▶ YOUR ASSIGNMENT: Set every line of the data down again exactly, and keep the pictures out.
**** GIVEN DATA
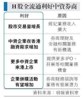 此外,更多中资企业来港IPO,以及日后中资企业在港进行投融资、并购等的需求量都会有显著增加,令券商除了经纪业务之外,无论是IPO、孖展,以至财务咨询、理财等金融服务方面的生意都有一定增长潜力,因此H股全流通若能落实,对中资券商亦属重大利好消息。
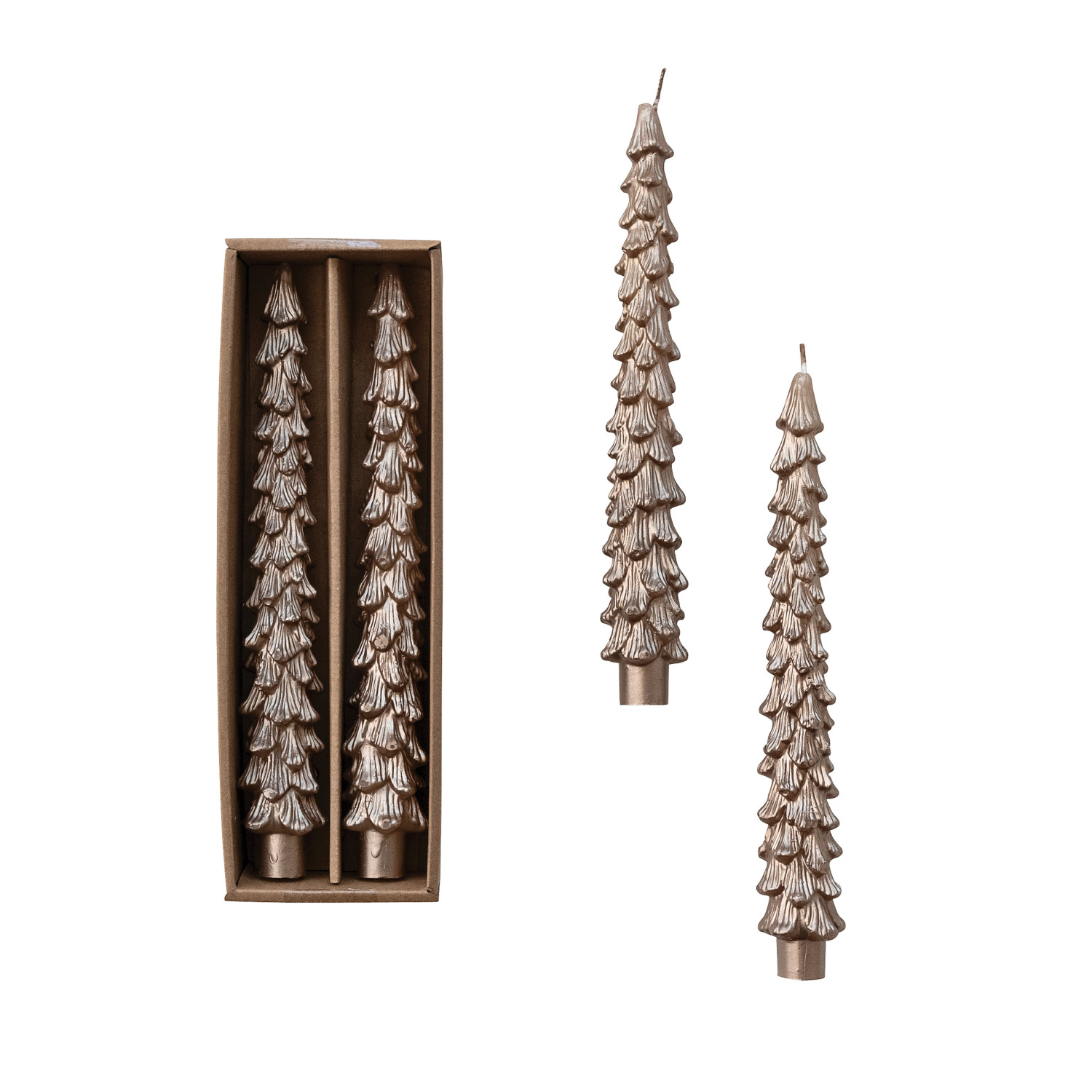 Catalog Name: 10"H Unscented Tree Shaped Taper Candles in Box, Champagne Color, Set of 2 (Est. Burn Time 10 Hours)
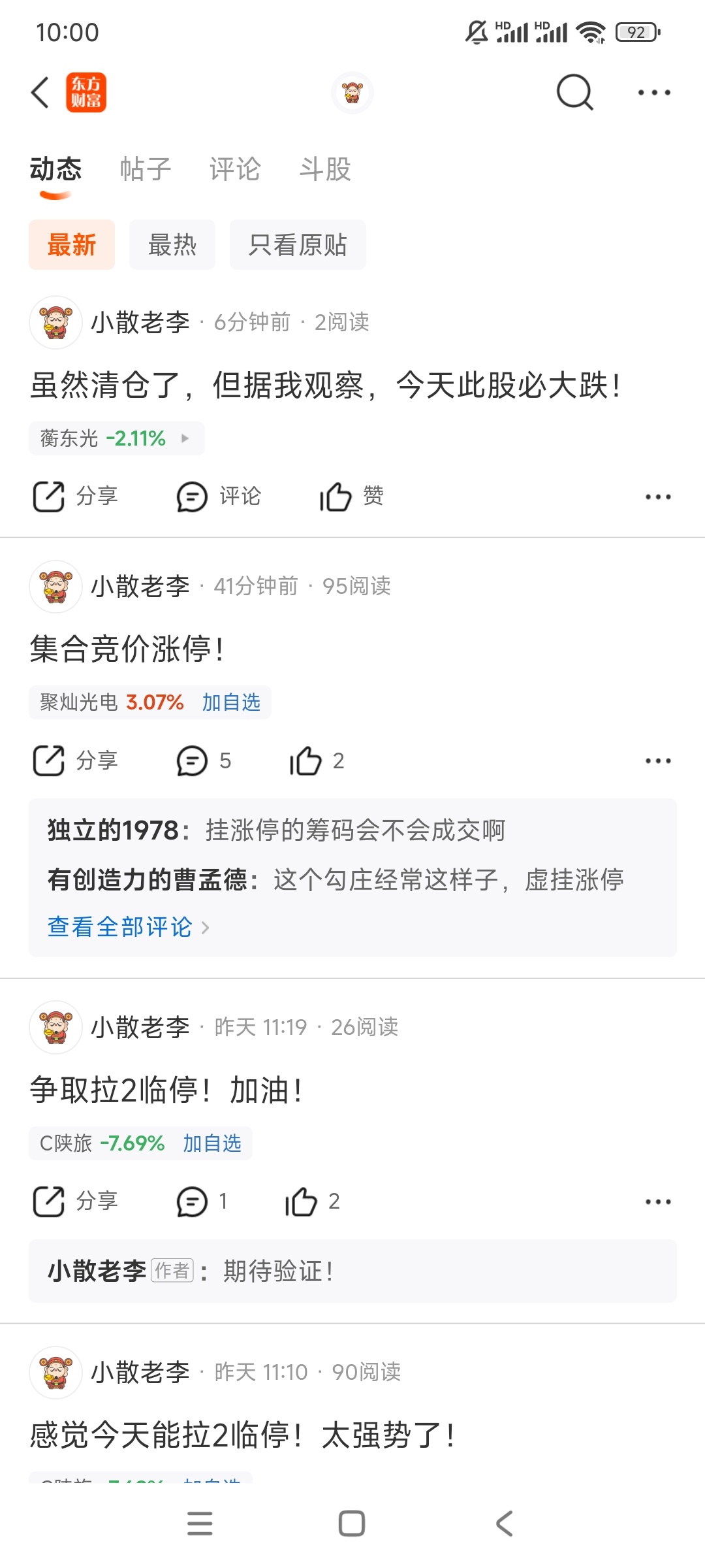 温馨提示: 1.根据《证券法》规定,禁止编造、传播虚假信息或者误导性信息,扰乱证券市场;2.用户在本社区发表的所有资料、言论等仅代表个人观点,与本网站立场无关,不对您构成任何投资建议。用户应基于自己的独立判断,自行决定证券投资并承担相应风险。《东方财富社区管理规定》
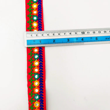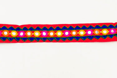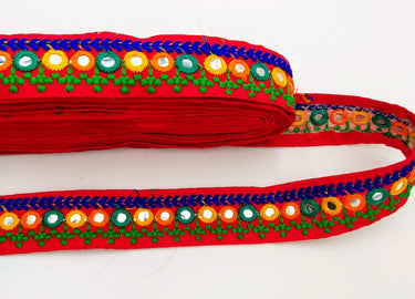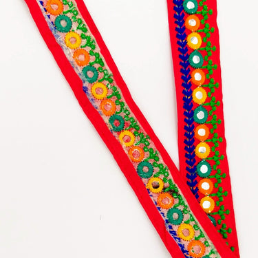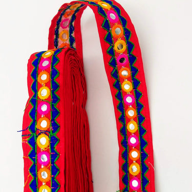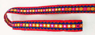 This listing is for a lovely Red Indian Mirror Trim Kutch Embroidered Navratri Garba Dress Trim Bridal Lace, Sari Border 35 mm Wide Trim Per 3 Yards. The embroidery work with mirrors on this trim is a speciality of Indian workmanship and is called as 'Abla Work' Or 'Shisha Work'. This is a very unique fabric trim and a special KnicKnackNook find which you will not find anywhere else.
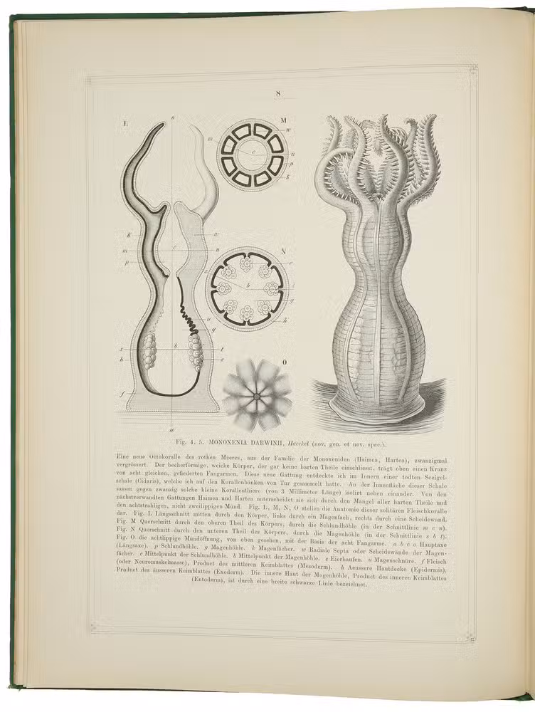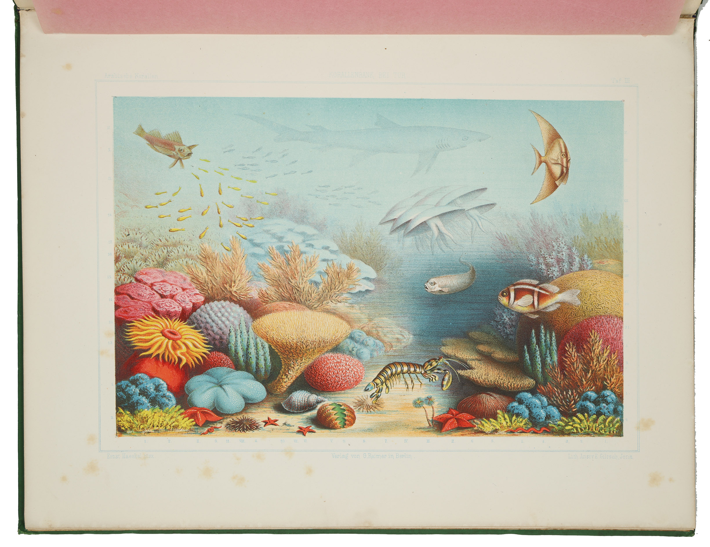 First edition of this splendidly illustrated classic. The plates show corals (2), an Arabic tent camp, and the sunset over the Sinai Peninsula, as well as a genealogical tree of corals.
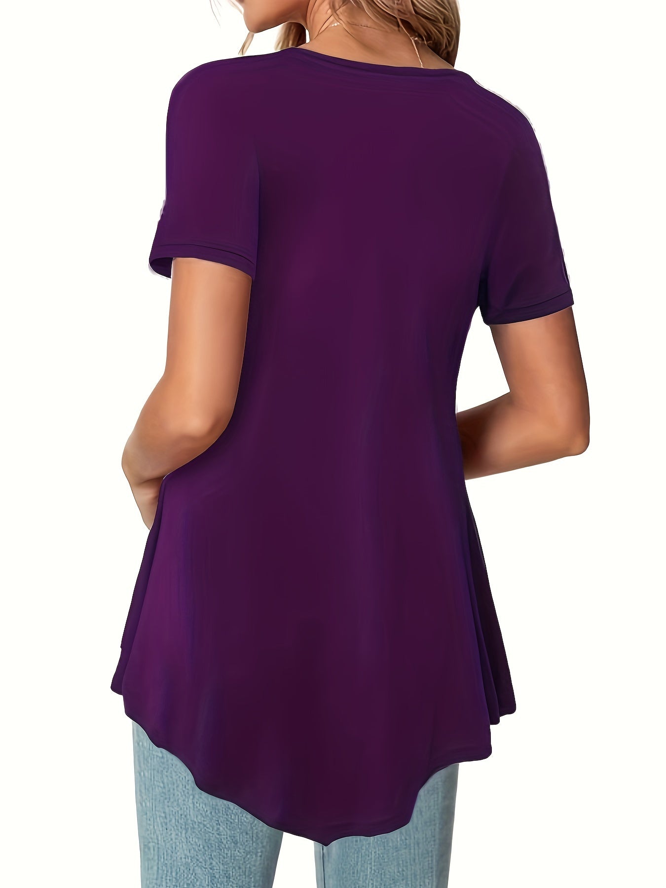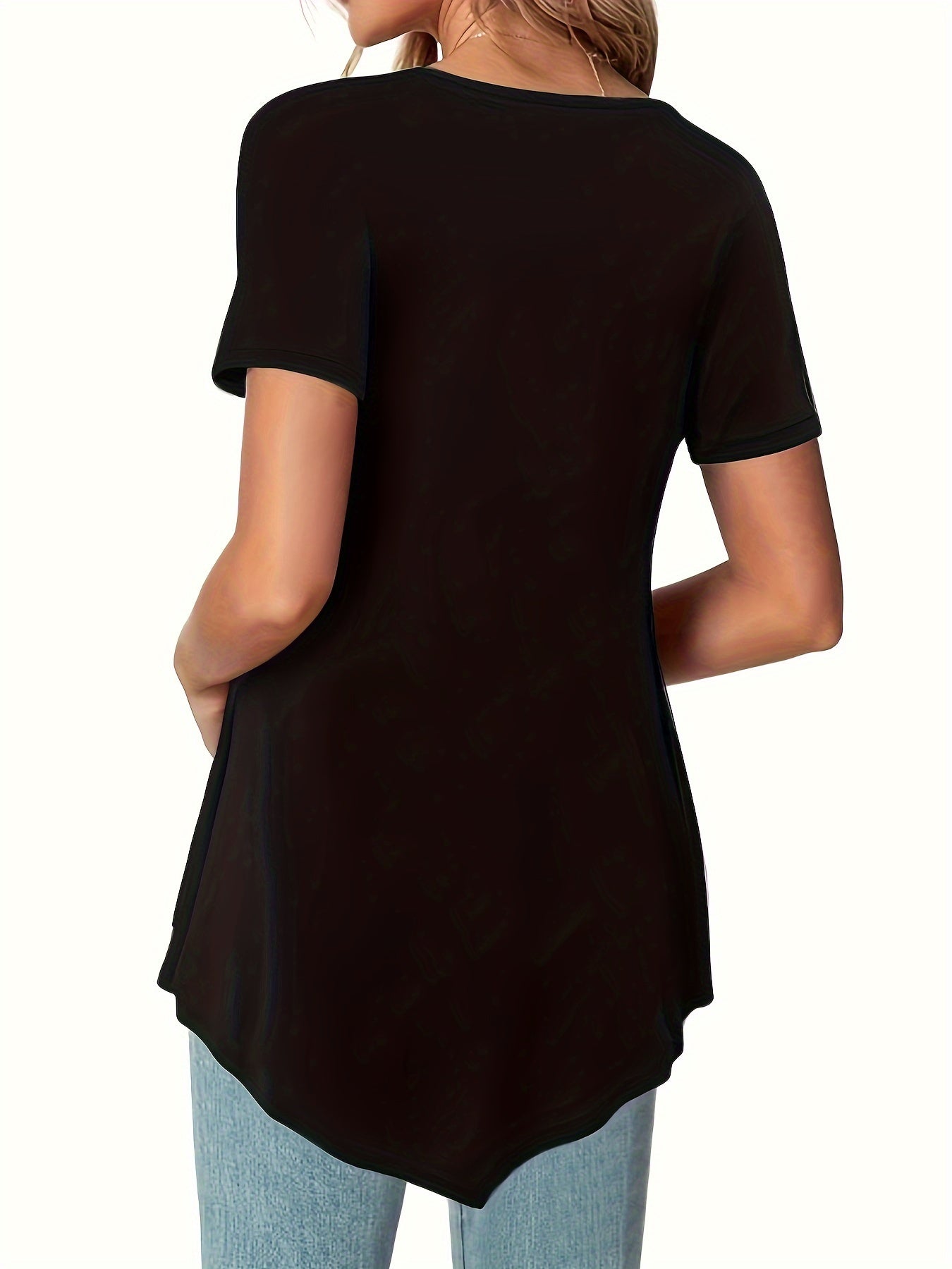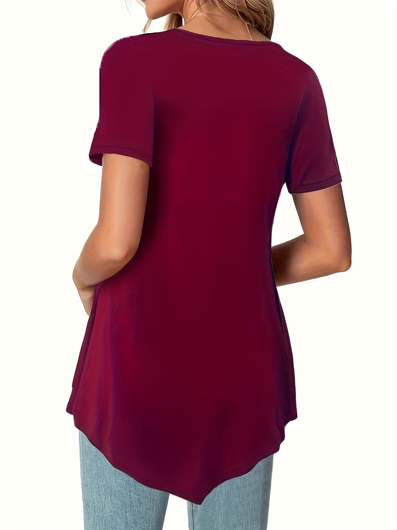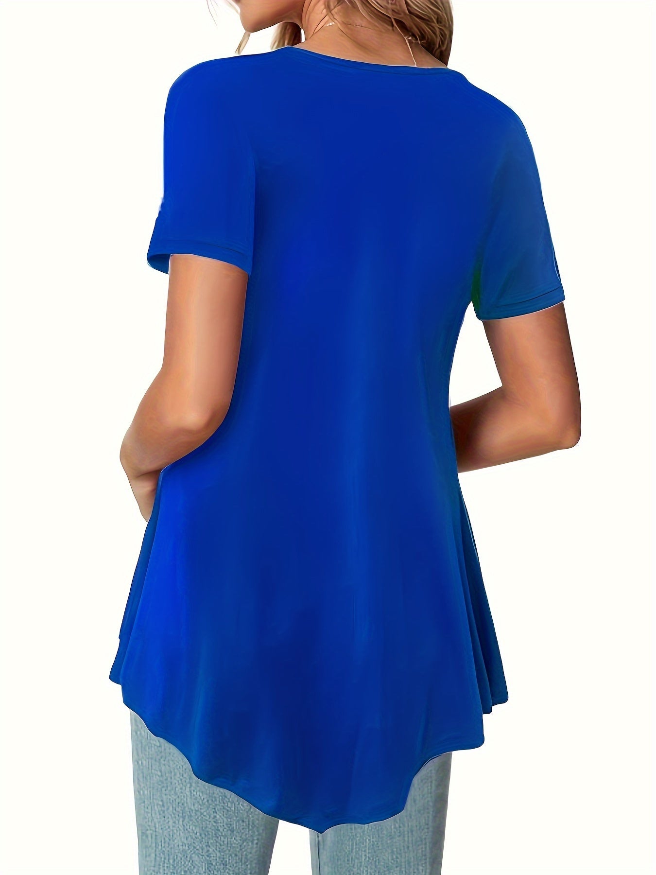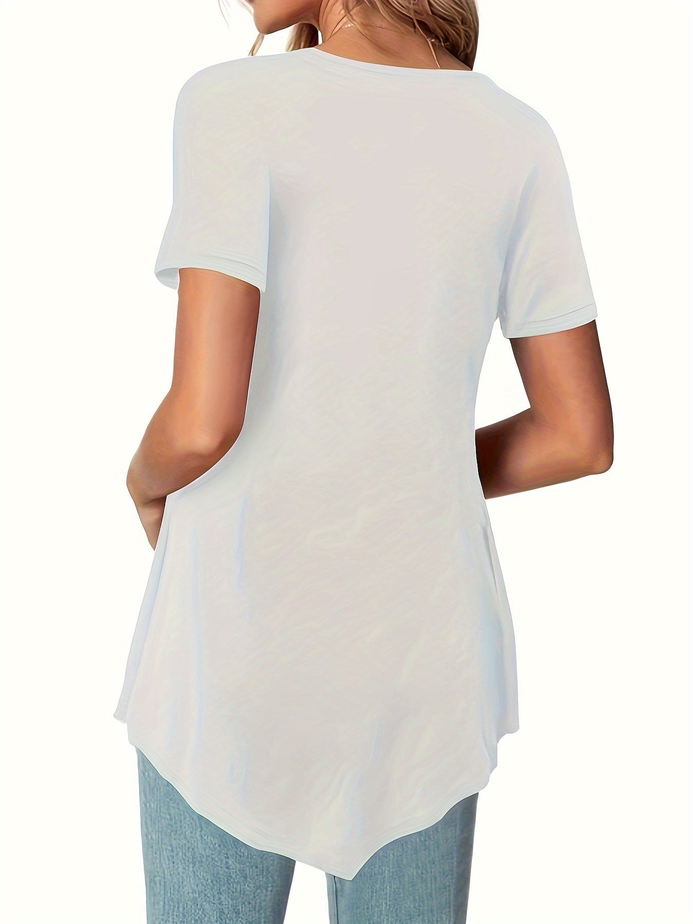 Ասիմետրիկ ծայրով պարանոցով վերնաշապիկ, կարճաթև ամենօրյա վերնաշապիկ ամառային և գարնան համար, կանացի հագուստ
********
▶ EXERCISE ANSWER:
 此外,更多中资企业来港IPO,以及日后中资企业在港进行投融资、并购等的需求量都会有显著增加,令券商除了经纪业务之外,无论是IPO、孖展,以至财务咨询、理财等金融服务方面的生意都有一定增长潜力,因此H股全流通若能落实,对中资券商亦属重大利好消息。
 Catalog Name: 10"H Unscented Tree Shaped Taper Candles in Box, Champagne Color, Set of 2 (Est. Burn Time 10 Hours)
 温馨提示: 1.根据《证券法》规定,禁止编造、传播虚假信息或者误导性信息,扰乱证券市场;2.用户在本社区发表的所有资料、言论等仅代表个人观点,与本网站立场无关,不对您构成任何投资建议。用户应基于自己的独立判断,自行决定证券投资并承担相应风险。《东方财富社区管理规定》
 This listing is for a lovely Red Indian Mirror Trim Kutch Embroidered Navratri Garba Dress Trim Bridal Lace, Sari Border 35 mm Wide Trim Per 3 Yards. The embroidery work with mirrors on this trim is a speciality of Indian workmanship and is called as 'Abla Work' Or 'Shisha Work'. This is a very unique fabric trim and a special KnicKnackNook find which you will not find anywhere else.
 First edition of this splendidly illustrated classic. The plates show corals (2), an Arabic tent camp, and the sunset over the Sinai Peninsula, as well as a genealogical tree of corals.
 Ասիմետրիկ ծայրով պարանոցով վերնաշապիկ, կարճաթև ամենօրյա վերնաշապիկ ամառային և գարնան համար, կանացի հագուստ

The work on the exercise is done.